DW/BI Lifecycle Best Practices

    Agile Data Warehousing
  1. Take an evolutionary approach. Requirements, or at least your understanding of them, will change throughout the lifecycle of your project for a variety of reasons. The implication is that if you want to develop a solution which meets the needs of your stakeholders then you will need to take an evolutionary (iterative and incremental) approach to development. Envision the requirements and architecture at a high-level to start, but model storm the details just in time (JIT).
  2. Embrace change. A changed requirement late in the lifecycle is a competitive advantage as long as you can act on it. Instead of adopting a strict change management process which for the most part is based on change prevention, you can instead adopt a more agile approach to change management where your stakeholders can easily change their minds as the progress progresses. This of course requires the development team to adopt evolutionary database development techniques such as database refactoring, evolutionary data modeling, and database regression testing.
  3. Deliver working software regularly. Following short iterations, perhaps a few weeks in length, and providing working software at the end of each iteration, often results in stakeholders who are far more interested in getting more software than they are in getting more specifications.
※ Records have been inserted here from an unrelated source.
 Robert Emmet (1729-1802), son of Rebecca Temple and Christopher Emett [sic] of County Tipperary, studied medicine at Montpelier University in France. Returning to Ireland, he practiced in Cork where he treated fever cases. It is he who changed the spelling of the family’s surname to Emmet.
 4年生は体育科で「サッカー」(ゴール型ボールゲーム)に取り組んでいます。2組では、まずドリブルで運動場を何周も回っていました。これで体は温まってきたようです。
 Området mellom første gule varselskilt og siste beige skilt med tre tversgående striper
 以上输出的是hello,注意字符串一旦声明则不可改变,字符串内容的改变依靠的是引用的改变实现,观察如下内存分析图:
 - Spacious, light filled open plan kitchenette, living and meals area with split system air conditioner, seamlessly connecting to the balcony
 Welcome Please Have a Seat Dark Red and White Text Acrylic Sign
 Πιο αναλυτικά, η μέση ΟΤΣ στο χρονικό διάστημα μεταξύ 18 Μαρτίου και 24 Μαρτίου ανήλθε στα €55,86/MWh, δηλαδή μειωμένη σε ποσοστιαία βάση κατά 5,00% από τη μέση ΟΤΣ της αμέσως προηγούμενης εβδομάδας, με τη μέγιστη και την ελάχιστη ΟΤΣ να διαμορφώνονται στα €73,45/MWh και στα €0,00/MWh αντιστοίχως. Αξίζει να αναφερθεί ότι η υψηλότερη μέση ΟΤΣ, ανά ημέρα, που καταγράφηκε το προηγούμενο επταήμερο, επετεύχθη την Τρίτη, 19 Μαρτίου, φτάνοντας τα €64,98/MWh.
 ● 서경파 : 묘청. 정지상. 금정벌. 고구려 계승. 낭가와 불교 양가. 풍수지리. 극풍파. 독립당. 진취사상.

Effective DW/BI teams focus on high-value activities such as actually providing access to data and developing reports instead of merely documenting what you intend to deliver at some point in the future. The only accurate measure of progress on a software development project is the delivery of working software, not the delivery of documentation or other non-executable work products which are nothing more than promised to deliver software at some point in the future. A working system provides the concrete feedback to stakeholders that progress is being made, and regular updates to that software (at least internally) helps to reduce the feedback cycle and thereby decrease overall risk on your project.
  4. Strive for iterations of one to two weeks. Iterations of this length provide more opportunity to govern the project effectively due to the greater feedback provided by regular delivery of working software. Short iterations motivate you to focus on high value activities, long iterations allow room for bureaucratic practices (and the inherent waste which goes along with them). 
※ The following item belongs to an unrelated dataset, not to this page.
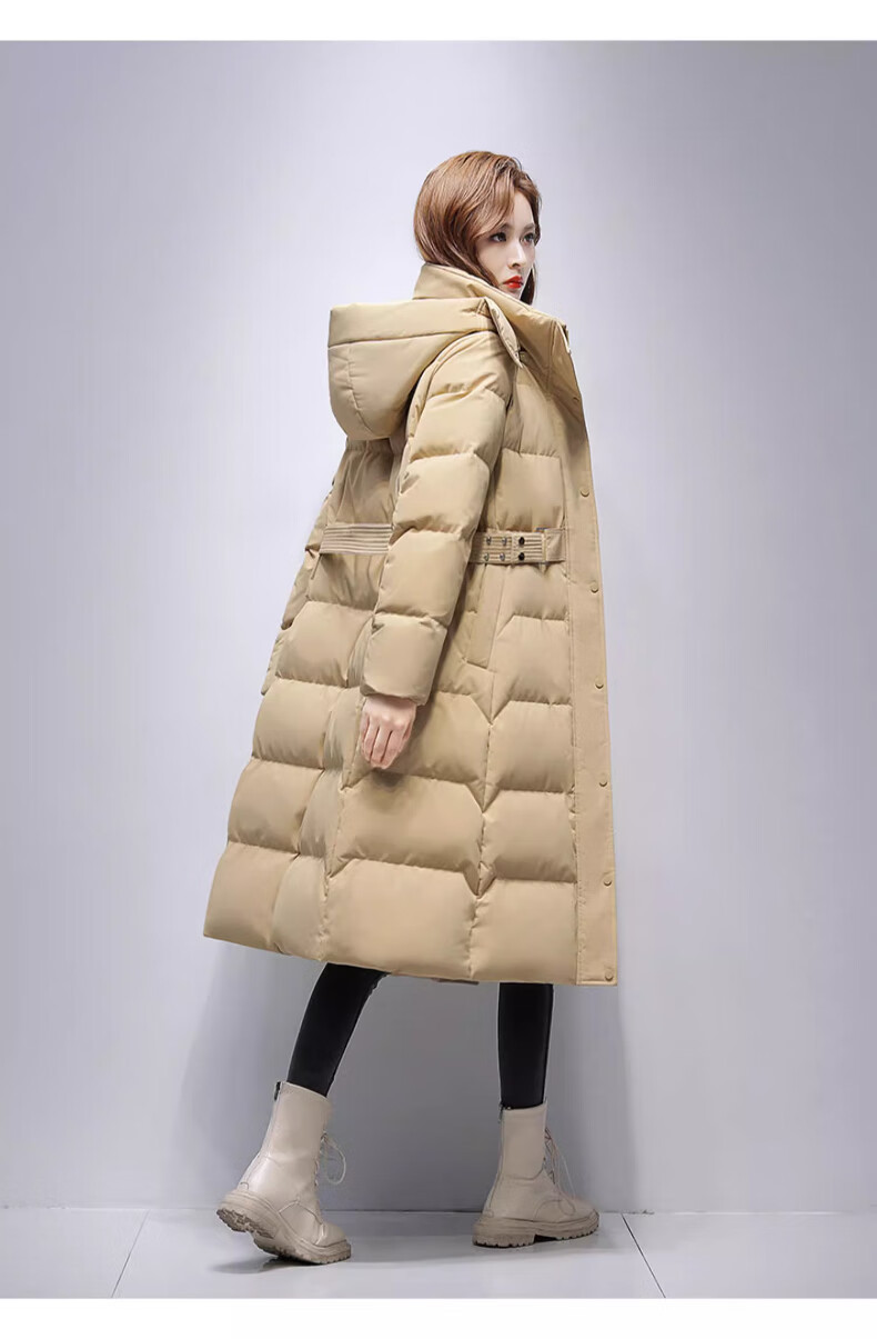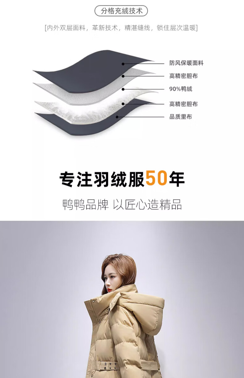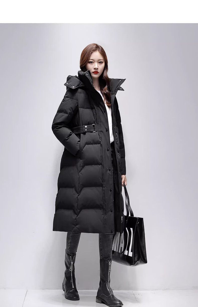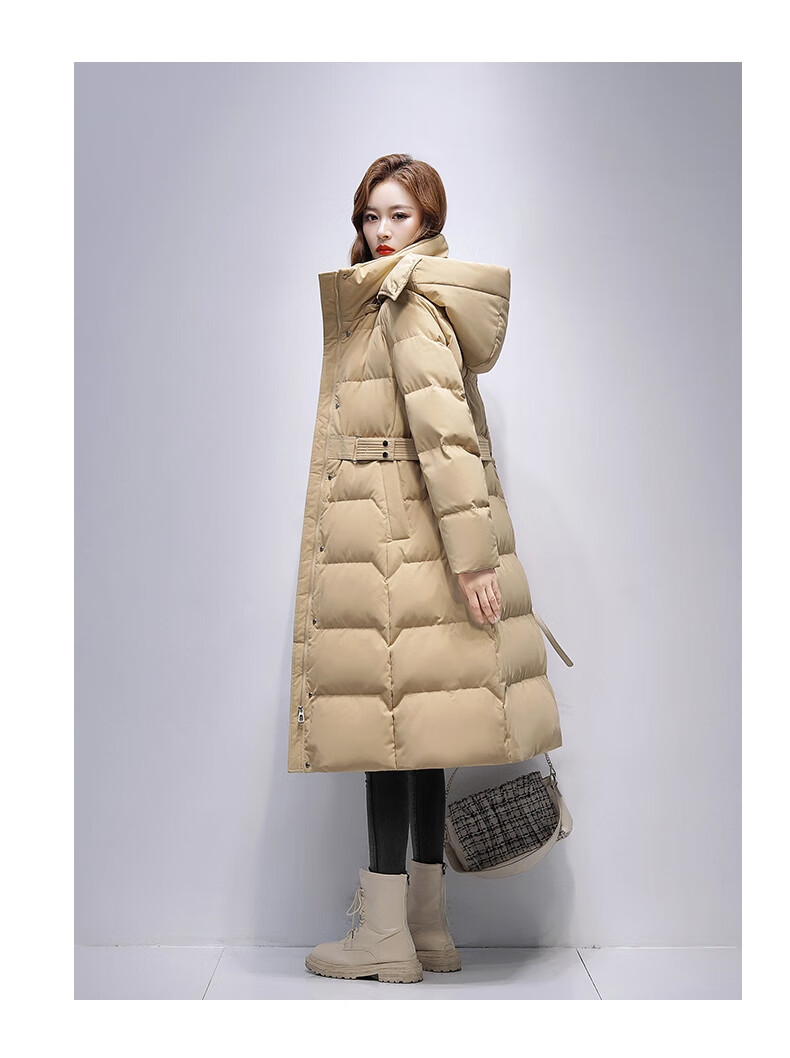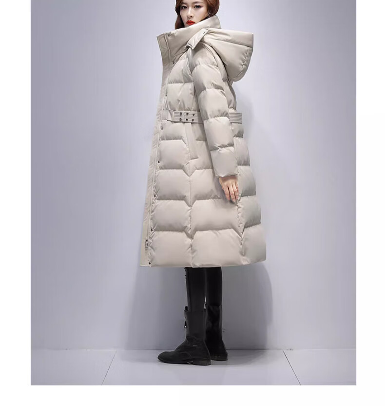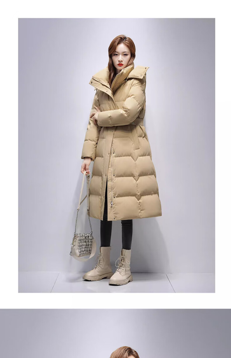 YAYA Down Jacket Women's Winter 2025 New Mid-Length Thickened Women's Fashion Hooded Duck Down Warm Jacket XB Porcelain Green M (160)

  5. Test throughout the lifecycle. One of the great blindspots in the data community is testing, which very likely explains the data quality challenges which we continue to suffer from in production databases. It is common on agile projects to do significantly more testing than what typically occurs on traditional projects, and as you can see in Figure 2 agilists tend to test throughout the project lifecycle (in fact, many agilists prefer to take a test-first approach to development).  There is nothing special about databases -- just like you should test your application code you should also test your database code. If data is a corporate asset, a common refrain in the vast majority of organizations, should you not have a test suite in place which validates your data?  In short,  database regression testing is critical to your success.
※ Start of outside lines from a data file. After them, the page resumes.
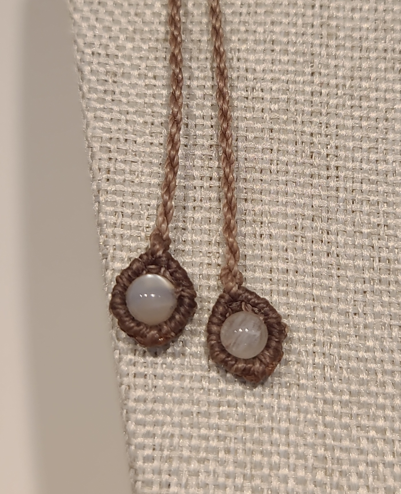 Le cordon est réglable grâce à son nœud coulissant et se termine avec deux petites pierres de Pierre de Lune de diamètre 4mm pour faciliter sa prise en main
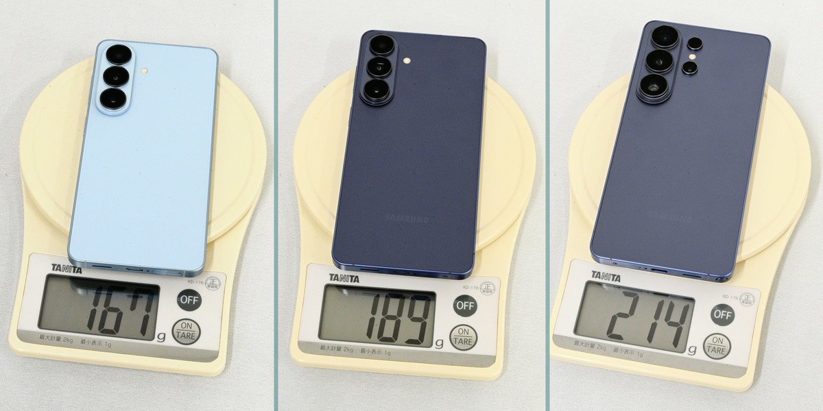 重さを実測したところ、S26が167g、S26+が189g、S26 Ultraが214gでした。
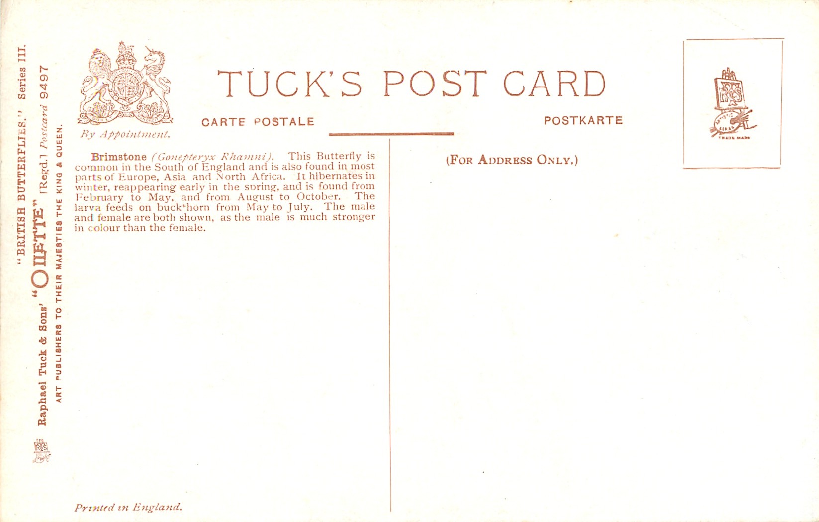 OILETTE. PRINTED IN ENGLAND, listed in 1908/1909 & 1911/1912 & 1912/1913 & 1912/1913 POSTCARD Catalogue
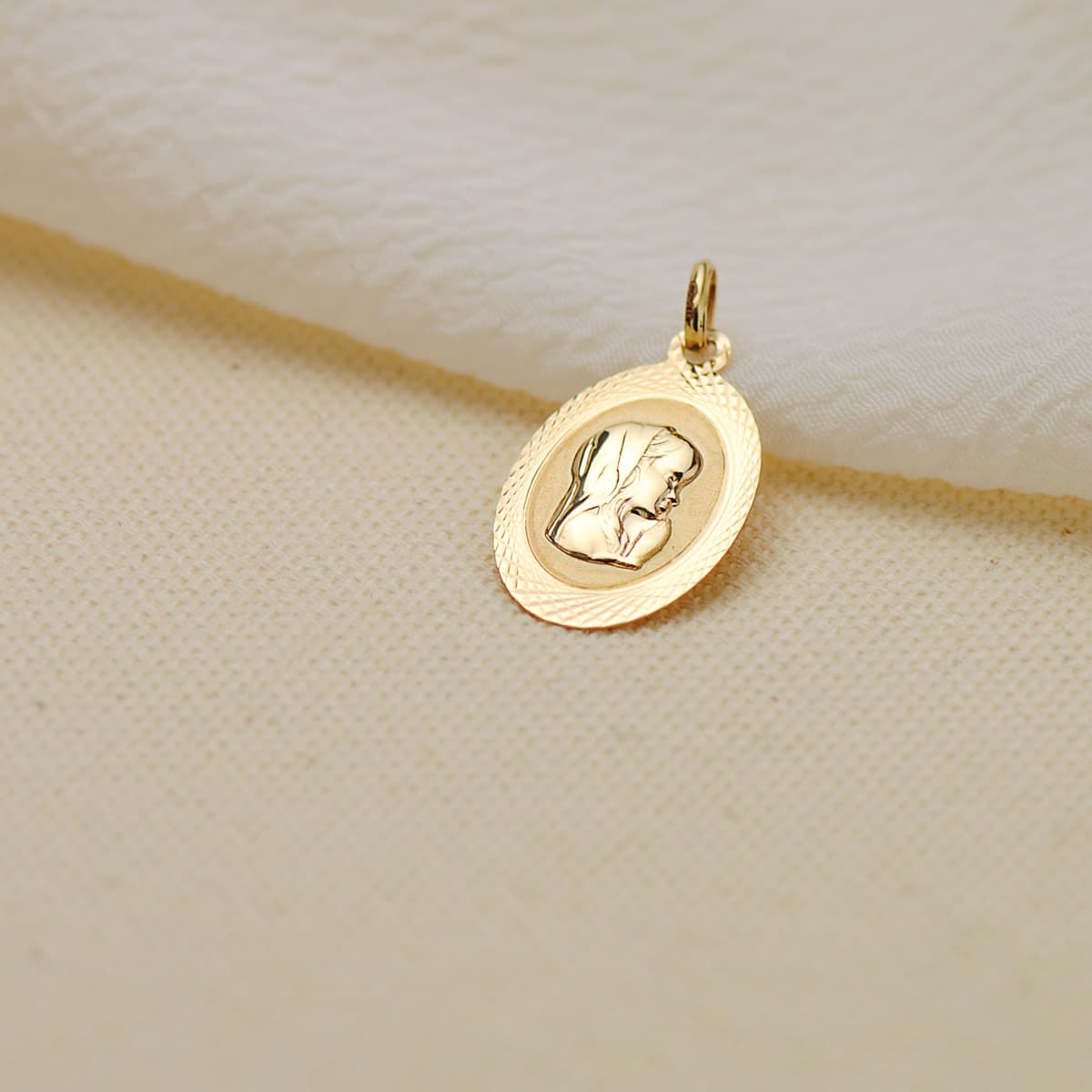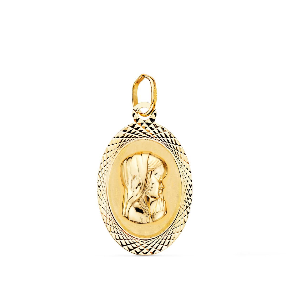 9K MEDALLA VIRGEN NIÑA OVAL TALLADA BRILLO Y MATE 18X12 MM

  6. Involve operations and support people early. Operations and support staff a key stakeholders on any project, including DW/BI projects. The sooner you involve them the sooner you find out what their requirements are (including pesky details such as deployment windows, archiving needs, hardware lead times, ...).

Figure 2. Testing during development iterations.



Other Good Ideas

  1. Adopt common development standards. Just like when you're building any other system, you should follow your organization's common development guidance. This includes modeling style guidelines, coding guidelines, data naming conventions, report design guidelines, and so on.  Consistency is an important contributor to quality, and guidance which is willingly followed by developers seems to be more effective in practice than guidance which is mandated and enforced by your governing bodies. If such guidance doesn't exist within your organization then you'll want to develop some, or better yet, adopt existing ones from industry. It's amazing what you can find on the Internet these days just by looking for it.
  2. Use good tools. DW/BI development is complex, and good tools will help to address that complexity. In addition to the standard tools for data modeling, extract-transform-load (ETL), and reporting you'll also need tools which support evolutionary development techniques such as database refactoring, database testing, and database deployment. The agile/evolutionary tools are currently emerging in the marketplace.
  3. Don't underestimate legacy data challenges. Existing data sources are often a mess, as I discuss in The Joy of Legacy Data. Ideally you'll refactor the source to fix any data quality problems, but if that's not an option then you'll need to cleanse the source data as much as possible as you extract it from the legacy sources. In my experience data cleansing should be seen as a process smell which indicates the need for legacy data source owners to become better at database evolution.
  4. Travel light. Serial approaches to development are typically documentation heavy, often in a naive attempt to counteract the inherent communication risks of waterfall lifecycles. With the serial approach you often see teams create comprehensive logical and physical data models and detailed report specifications. With an Agile approach where you develop working software each iteration, you quickly discover two things. First, an evolutionary approach to development demands an evolutionary approach to data modeling and therefore you don't need to create detailed data models up front. Second, by having developers work closely with stakeholders you don't need to create detailed report specifications, instead it is more effective to simply create a report and get feedback from your stakeholders which you then act on iteratively.
  5. Adopt a lean approach to data governance. Traditional, command-and-control approaches to data governance appear to work very poorly in practice. The 2006 DDJ survey into the current state of data management practices showed that 66% of development teams will choose to "work around" their organization's data group, and when they do so that 75% of the time it is because they find the data group too difficult to work with, too slow to respond, or that the data group doesn't provide sufficient value to justify the effort of working with them. This is clearly problematic. It is possible to take a lean/agile approach to data governance.